Rather than varying with cardiac deceleration, the current study found that pupillary changes covaried with skin conductance reactions, providing collateral support for the hypothesis that pupil diameter during picture viewing predominantly reflects sympathetic nervous system activity. During picture viewing, both skin conductance and pupillary changes were greatest for emotional, compared to neutral, pictures and these effects were accentuated for the pictures rated as most highly arousing. Furthermore, when the picture was used as the unit of analysis, the relationship between skin conductance and pupil changes persisted, even when specific effects due to luminosity were removed using hierarchical multiple regression.

In studies that have explored effects of mental load and sustained cognitive processing on pupil change, the observed papillary dilation appeared to be mediated by parasympathetic inhibition of the sphincter muscle (Steinhauer et al., 2004). The close covariation of pupil dilation with skin conductance in the current study suggests that, for emotional processing, the mechanism may be different and involve direct sympathetic innervations of the dilator muscle.

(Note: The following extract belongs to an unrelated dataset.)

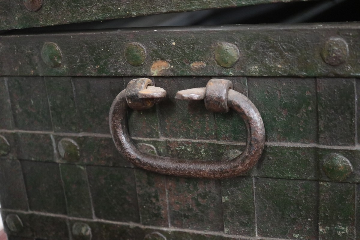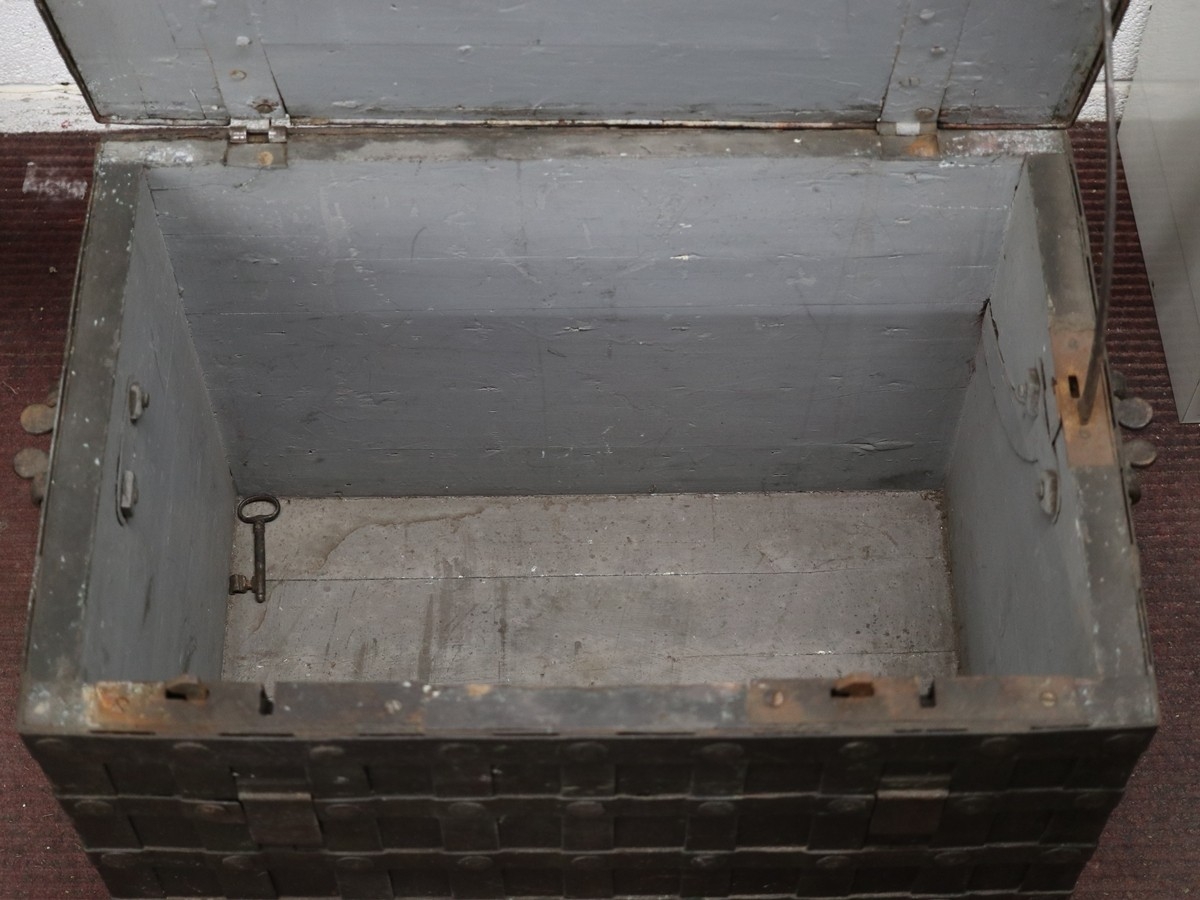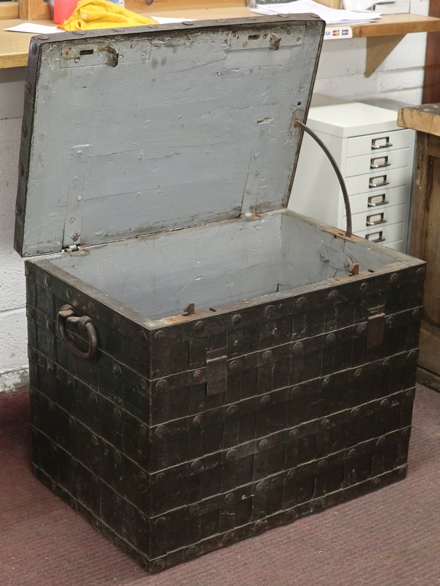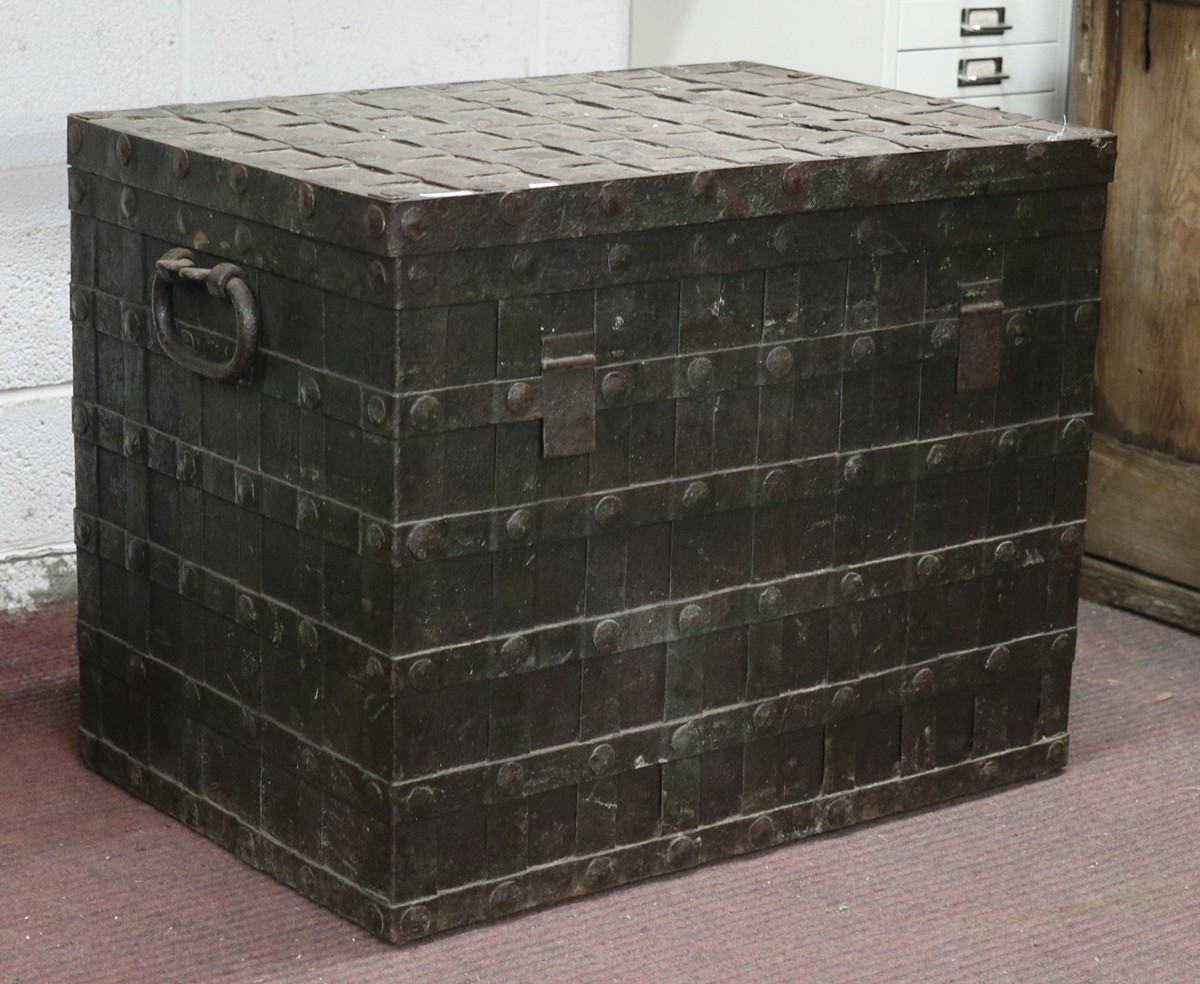 A large 17th century German iron bound Nuremberg strong box/Armada chest complete with its original key circa 1660 - Approx W: 74cm D: 51cm H: 58cm
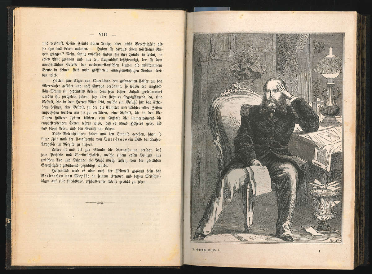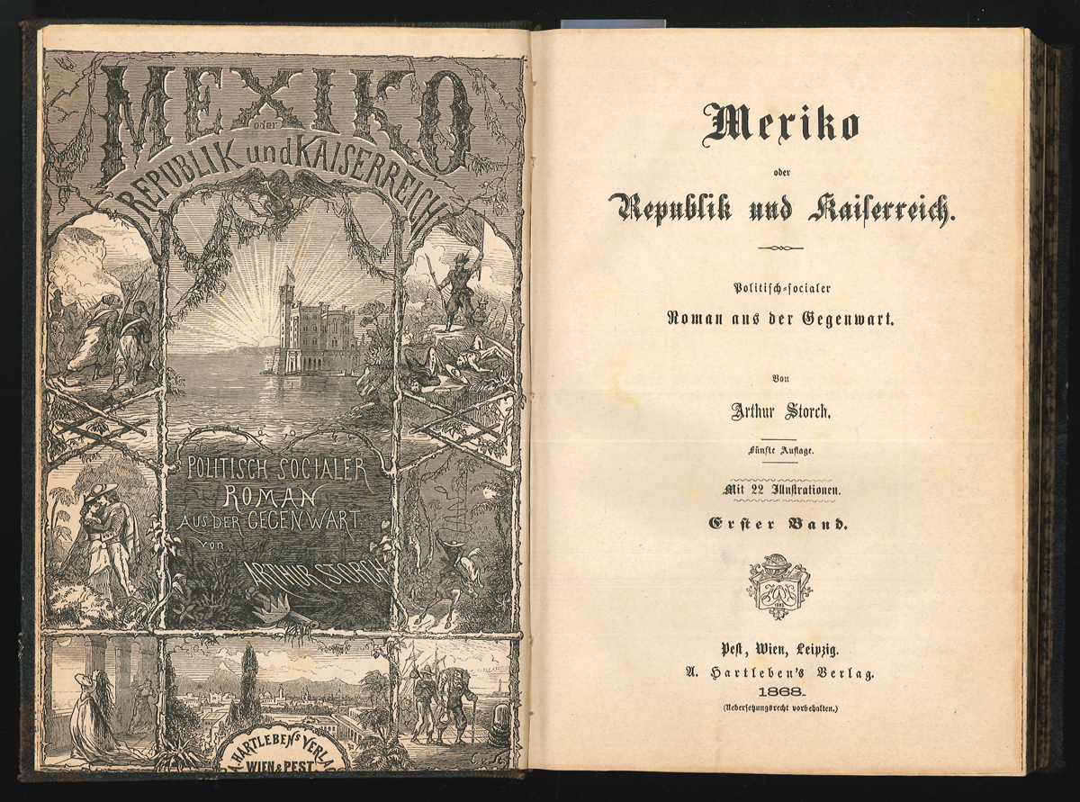 0116-23STORCH, Arthur [i. e. SCHNEEBERGER, Franz Julius]. Mexiko oder Republik und Kaiserreich. Politisch-socialer Roman aus der Gegenwart. 5. Auflage. Bde. 1 u. 2 (v. 4). in 1 geb. Pest/Wien/Leipzig, A. Hartleben's Verlag 1868. 8°. VIII, 255 (1); 255 S. Mit Frontsip. u. 11 Taf. in Holzstich. HLdr.-Bd. d. Zt. m. goldgeprägt. Rückentit. Kanten berieb. (Cyclus historisch-romantischer Schilderungen aus Oesterreichs neuester Geschichte) ÖBL 10,361ff.; vgl. Kosch 20,383 - Kolportageroman um die Geschehnisse in Mexiko. | |

Taken together, the current data are consistent with the hypothesis that pupillary changes during affective picture viewing are mediated by increased sympathetic activity, and strongly suggest that pupil dilation is determined by emotional arousal, independent of whether pictures are pleasant or unpleasant in hedonic valence.

Acknowledgments

This research was supported in part by a grant from the National Institute ofMental Health (P50MH72850) to the Center for the Study of Emotion and Attention (CSEA) at the University of Florida. Laura Miccoli and Miguel Escrig are now at the Jaume I University of Castellón, Spain.

Footnotes

1

The library numbers for IAPS pictures (Lang et al., 2005) used in this study are: pleasant: 2208, 2250, 2260, 2501, 2560, 2650, 4611, 4617, 4640, 4653, 4659, 4666, 4687, 4694, 5621, 8041, 8080, 8090, 8116, 8120, 8161, 8180, 8200, 8280, 8300, 8320, 8330, 8370, 8380, 8400, 8420, 8465; neutral: 2020, 2190, 2200, 2210, 2214, 2215, 2220, 2221, 2235, 2240, 2270, 2272, 2278, 2383, 2393, 2410, 2441, 2491, 2493, 2514, 2579, 2745.1, 2749, 2752, 2810, 2850, 2870, 2890, 3210, 5455, 7550, 9210; unpleasant: 2120, 2205, 2520, 2590, 2691, 2730, 2750, 2800, 3015, 3030, 3053, 3100, 3170, 3180, 3181, 3400, 3500, 3530, 3550, 6210, 6211, 6212, 6821, 6834, 6838, 9041, 9250, 9254, 9341, 9405, 9800, 9921.

2

The data analysis included both trials on which a startle probe was delivered and no-probe trials. When this factor was included in the analysis of the pupillary data, effects of picture emotionality were identical for both trial types.